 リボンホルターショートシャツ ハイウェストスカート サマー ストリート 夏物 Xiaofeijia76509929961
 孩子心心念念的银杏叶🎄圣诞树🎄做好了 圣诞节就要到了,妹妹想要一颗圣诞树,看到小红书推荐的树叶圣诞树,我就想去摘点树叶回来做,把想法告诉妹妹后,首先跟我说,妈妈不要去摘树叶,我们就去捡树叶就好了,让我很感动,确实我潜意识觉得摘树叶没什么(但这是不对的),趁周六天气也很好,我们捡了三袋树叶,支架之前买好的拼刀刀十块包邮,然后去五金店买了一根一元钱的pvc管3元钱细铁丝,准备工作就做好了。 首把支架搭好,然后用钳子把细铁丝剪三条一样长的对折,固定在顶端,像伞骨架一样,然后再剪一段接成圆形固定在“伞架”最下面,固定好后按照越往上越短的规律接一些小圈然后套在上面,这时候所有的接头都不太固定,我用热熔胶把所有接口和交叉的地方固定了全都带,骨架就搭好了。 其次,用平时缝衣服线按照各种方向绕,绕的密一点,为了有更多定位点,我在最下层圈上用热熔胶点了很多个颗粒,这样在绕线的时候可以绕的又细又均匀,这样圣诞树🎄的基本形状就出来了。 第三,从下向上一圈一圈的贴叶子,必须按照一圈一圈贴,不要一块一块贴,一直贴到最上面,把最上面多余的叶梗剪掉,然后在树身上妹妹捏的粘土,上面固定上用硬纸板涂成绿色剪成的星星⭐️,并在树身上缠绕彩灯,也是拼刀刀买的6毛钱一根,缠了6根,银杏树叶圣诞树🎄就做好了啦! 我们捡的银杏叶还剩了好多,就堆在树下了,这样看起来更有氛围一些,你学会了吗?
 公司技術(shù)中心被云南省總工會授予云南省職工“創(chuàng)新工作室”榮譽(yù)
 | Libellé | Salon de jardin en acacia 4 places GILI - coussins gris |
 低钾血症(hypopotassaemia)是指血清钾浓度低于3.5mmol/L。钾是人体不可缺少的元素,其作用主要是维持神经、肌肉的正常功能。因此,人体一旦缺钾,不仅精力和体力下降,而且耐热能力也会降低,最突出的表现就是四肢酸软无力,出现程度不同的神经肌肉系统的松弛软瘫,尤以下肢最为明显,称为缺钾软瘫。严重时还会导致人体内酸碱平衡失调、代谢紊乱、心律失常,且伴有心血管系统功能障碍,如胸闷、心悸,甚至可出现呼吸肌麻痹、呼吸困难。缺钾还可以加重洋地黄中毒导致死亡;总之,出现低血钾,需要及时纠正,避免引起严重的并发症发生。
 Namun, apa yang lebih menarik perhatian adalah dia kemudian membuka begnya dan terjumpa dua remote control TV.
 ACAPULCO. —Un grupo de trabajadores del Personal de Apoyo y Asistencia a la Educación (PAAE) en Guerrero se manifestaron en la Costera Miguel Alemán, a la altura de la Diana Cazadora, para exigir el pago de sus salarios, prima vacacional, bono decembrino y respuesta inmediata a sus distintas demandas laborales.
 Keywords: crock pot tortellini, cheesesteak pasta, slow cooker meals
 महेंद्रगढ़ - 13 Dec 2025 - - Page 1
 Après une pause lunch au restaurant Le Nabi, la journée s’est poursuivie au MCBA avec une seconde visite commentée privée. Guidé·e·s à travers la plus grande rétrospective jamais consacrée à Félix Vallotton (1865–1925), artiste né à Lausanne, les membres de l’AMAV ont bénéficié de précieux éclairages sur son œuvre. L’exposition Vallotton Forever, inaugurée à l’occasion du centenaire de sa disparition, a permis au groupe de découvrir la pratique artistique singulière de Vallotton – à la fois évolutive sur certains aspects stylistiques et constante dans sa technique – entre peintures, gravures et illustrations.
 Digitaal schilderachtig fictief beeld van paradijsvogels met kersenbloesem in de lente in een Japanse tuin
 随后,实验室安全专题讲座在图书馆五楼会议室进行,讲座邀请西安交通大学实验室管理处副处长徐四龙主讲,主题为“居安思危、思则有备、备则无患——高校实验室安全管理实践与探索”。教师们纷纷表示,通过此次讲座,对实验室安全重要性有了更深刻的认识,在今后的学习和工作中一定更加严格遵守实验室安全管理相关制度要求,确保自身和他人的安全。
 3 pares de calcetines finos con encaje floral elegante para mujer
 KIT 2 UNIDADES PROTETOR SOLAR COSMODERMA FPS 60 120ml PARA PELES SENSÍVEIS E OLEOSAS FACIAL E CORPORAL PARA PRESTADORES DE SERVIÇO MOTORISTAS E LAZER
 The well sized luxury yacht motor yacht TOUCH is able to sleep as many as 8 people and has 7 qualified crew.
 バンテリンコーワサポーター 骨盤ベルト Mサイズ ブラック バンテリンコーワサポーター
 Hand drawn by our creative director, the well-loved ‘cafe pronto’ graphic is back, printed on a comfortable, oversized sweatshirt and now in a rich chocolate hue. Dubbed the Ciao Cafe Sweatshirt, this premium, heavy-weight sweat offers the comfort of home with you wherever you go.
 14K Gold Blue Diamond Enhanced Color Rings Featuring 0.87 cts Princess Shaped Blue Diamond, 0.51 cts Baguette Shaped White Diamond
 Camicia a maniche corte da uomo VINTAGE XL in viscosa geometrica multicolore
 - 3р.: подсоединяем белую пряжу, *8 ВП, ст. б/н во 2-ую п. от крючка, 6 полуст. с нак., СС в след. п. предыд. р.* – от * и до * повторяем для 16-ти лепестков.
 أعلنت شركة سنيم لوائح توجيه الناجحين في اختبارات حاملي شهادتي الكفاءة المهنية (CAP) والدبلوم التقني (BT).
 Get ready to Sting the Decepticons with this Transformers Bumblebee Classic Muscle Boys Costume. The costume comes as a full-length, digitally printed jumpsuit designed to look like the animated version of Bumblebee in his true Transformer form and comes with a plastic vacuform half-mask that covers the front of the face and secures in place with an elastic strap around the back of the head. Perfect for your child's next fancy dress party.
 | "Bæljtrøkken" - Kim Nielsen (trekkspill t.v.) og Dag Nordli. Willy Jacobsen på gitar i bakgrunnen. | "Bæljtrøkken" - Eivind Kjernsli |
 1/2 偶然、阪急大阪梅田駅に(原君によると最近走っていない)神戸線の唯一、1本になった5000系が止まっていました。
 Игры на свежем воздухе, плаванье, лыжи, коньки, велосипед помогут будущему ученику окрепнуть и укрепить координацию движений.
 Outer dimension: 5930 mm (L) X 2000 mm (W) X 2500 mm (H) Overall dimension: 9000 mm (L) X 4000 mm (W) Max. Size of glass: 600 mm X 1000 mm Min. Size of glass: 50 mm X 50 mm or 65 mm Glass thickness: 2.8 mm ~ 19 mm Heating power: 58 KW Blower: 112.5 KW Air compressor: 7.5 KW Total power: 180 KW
******************************
Your task.
For this exercise, please retype exactly the lines in the listing from the line with "Get ready to" through its last line, both ends included.

Reply to the exercise.
 Get ready to Sting the Decepticons with this Transformers Bumblebee Classic Muscle Boys Costume. The costume comes as a full-length, digitally printed jumpsuit designed to look like the animated version of Bumblebee in his true Transformer form and comes with a plastic vacuform half-mask that covers the front of the face and secures in place with an elastic strap around the back of the head. Perfect for your child's next fancy dress party.
 | "Bæljtrøkken" - Kim Nielsen (trekkspill t.v.) og Dag Nordli. Willy Jacobsen på gitar i bakgrunnen. | "Bæljtrøkken" - Eivind Kjernsli |
 1/2 偶然、阪急大阪梅田駅に(原君によると最近走っていない)神戸線の唯一、1本になった5000系が止まっていました。
 Игры на свежем воздухе, плаванье, лыжи, коньки, велосипед помогут будущему ученику окрепнуть и укрепить координацию движений.
 Outer dimension: 5930 mm (L) X 2000 mm (W) X 2500 mm (H) Overall dimension: 9000 mm (L) X 4000 mm (W) Max. Size of glass: 600 mm X 1000 mm Min. Size of glass: 50 mm X 50 mm or 65 mm Glass thickness: 2.8 mm ~ 19 mm Heating power: 58 KW Blower: 112.5 KW Air compressor: 7.5 KW Total power: 180 KW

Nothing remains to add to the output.